O homem por trás do mito
por Francisco RussoSeu nome é Allan Stewart Konigsberg, mas provavelmente você o conhece como Woody Allen. Responsável por pérolas do porte de A Rosa Púrpura do Cairo e Noivo Neurótico, Noiva Nervosa, criador de dramas e comédias repletos de questões filosóficas que tanto impressionam seus fãs e afastam os detratores. Allen é assim mesmo, um diretor do tipo ame ou odeie - também por isso, jamais foi um grande hit de bilheteria, apesar dos vários prêmios conquistados. É com esta aura de fã assumido que Robert B. Weide foi atrás do diretor para desenvolver este Woody Allen - Um Documentário, um grande painel que não apenas ressalta os altos e baixos do artista mas, acima de tudo, que revela bastante sobre a pessoa.
Produzido para a TV americana e exibido fora de competição no Festival de Cannes 2012, o longa segue a regra básica dos documentários biográficos, com depoimentos de familiares e pessoas com quem trabalhou e muitas imagens de arquivo, além de breves conversas com o próprio homenageado - o que por si só já é um achado, já que Allen não é de conceder muitas entrevistas.

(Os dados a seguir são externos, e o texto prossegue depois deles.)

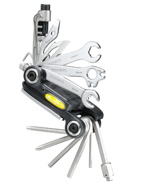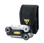 Topeak Alien II - удобный складной мультитул, который станет актуальным в любой ситуации. Мультитул содержит в комплекте 31 инструмент, включая компактную выжимку цепи для 1 -12 скоростей, которая станет отличным дополнением в длительных поездках. Также, помимо выжимки в мультитул входят шестигранники с размерами от 2L до 10 мм, компактные гаечные ключи на 8, 10 и 15 мм, спицевой ключ для спиц 14 и 15G, встроенные в корпус монтажки, шлицевая и крестовая отвертки, измеритель износа цепи, нож, открывашка, педальный ключ, Torx ключ T25, и стандартный торцевой ключ на 9 мм. Вместе с мультитулом в комплекте идет чехол благодаря которому хранение инструмента станет более удобным.

Se vê-lo analisando fatos do passado, como seu mau desempenho na escola e até mesmo os relacionamentos amorosos que teve - incluindo a repercussão do rompimento com Mia Farrow -, atende à curiosidade histórica sobre a personalidade, o destaque maior fica por conta dos momentos em que Allen revela sua rotina de trabalho, repleta de características muito particulares. As cenas em que, com uma nítida alegria, apresenta o armário onde guarda as ideias que tem e a máquina de escrever onde sempre inicia seus roteiros revelam muito sobre sua personalidade metódica e obcecada pelo trabalho. São breves vislumbres sobre a pessoa que tão bem explicam o diretor (e ator) que se tornou.

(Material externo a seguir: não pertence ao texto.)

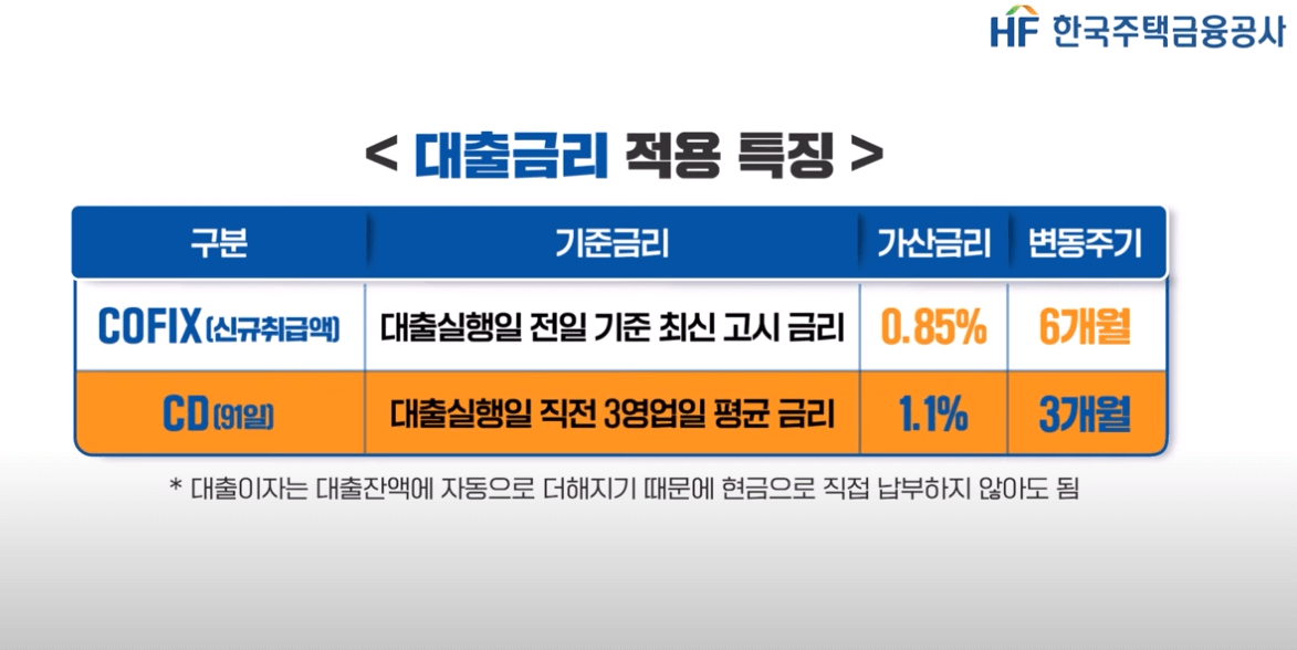 주택연금에 가입한 후 최초 월 지급금 실행일로부터 30일 이내에 가입을 철회할 수 있는데요, 이를 위해 철회 기한까지 철회 신청서를 공사에 제출하고 연금 대출 전액을 상환해야 합니다. 이런 경우에는 초기 보증료와 연 보증료를 전액 환급해 드립니다. 대출이자는 대출잔액의 가입자가 금융기관과 약정한 금리를 적용하여 납부합니다. 기준이 되는 금리를 코픽스로 선택하시면 대출금리가 6개월마다 변경이 되고, CD 금리로 선택하시면 3개월마다 변경됩니다.

Sem se ater apenas ao lado pessoal, Woody Allen - Um Documentário apresenta também um vasto panorama sobre como foi a carreira do artista. Desde o início, quando ainda no colégio escrevia piadas soltas para jornais, passando por stand-ups e programas de TV até, enfim, chegar ao cinema - e, mesmo dentro de sua fase cinematográfica, esmiuçando sua evolução ao longo de décadas. Trata-se de um trabalho jornalístico minucioso, que inclui muitas imagens de arquivo e entrevistas antigas com nomes importantes na ascensão, como os produtores Charles H. Joffe e Jack Rollins. A análise linear também possibilita uma melhor compreensão de sua carreira como um todo, mais exatamente o quanto a liberdade de expressão e a necessidade de controle eram importantes para que Allen desenvolvesse seu trabalho de forma plena. Tudo isto mesclando várias cenas de seus longa-metragens, é claro.

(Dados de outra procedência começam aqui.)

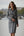 Navy and White Pencil Long Ruched Work Dress with Sleeves
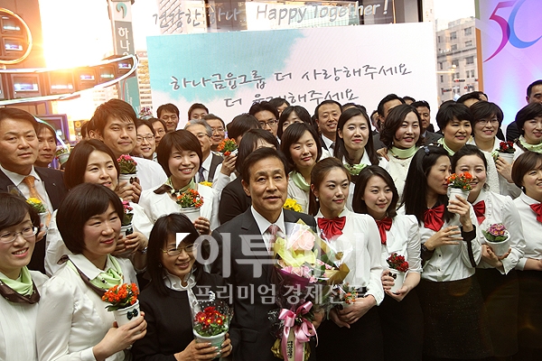 [포토]김정태 하나금융지주 회장, 직원들과 함께 기념촬영

No fim das contas, Woody Allen - Um Documentário é um filme feito não apenas para fãs do diretor, mas para quem simplesmente gosta de saber mais sobre os bastidores do cinema, pela imensa quantidade de informações sobre suas produções e, é claro, da vida do biografado. As várias fases da carreira de Allen são esmiuçadas, ressaltando o contexto pessoal e do próprio mercado que provocaram tais mudanças. Destaque para as cenas do início de sua carreira, ainda na TV, onde aparece lutando boxe com um canguru e cantando para um cachorro - ambas impagáveis! - e o habitual sarcasmo do diretor, presente especialmente nos comentários feitos sobre a ausência de realidade nos festivais de cinema.
Filme visto no 65º Festival de Cannes, em maio de 2012.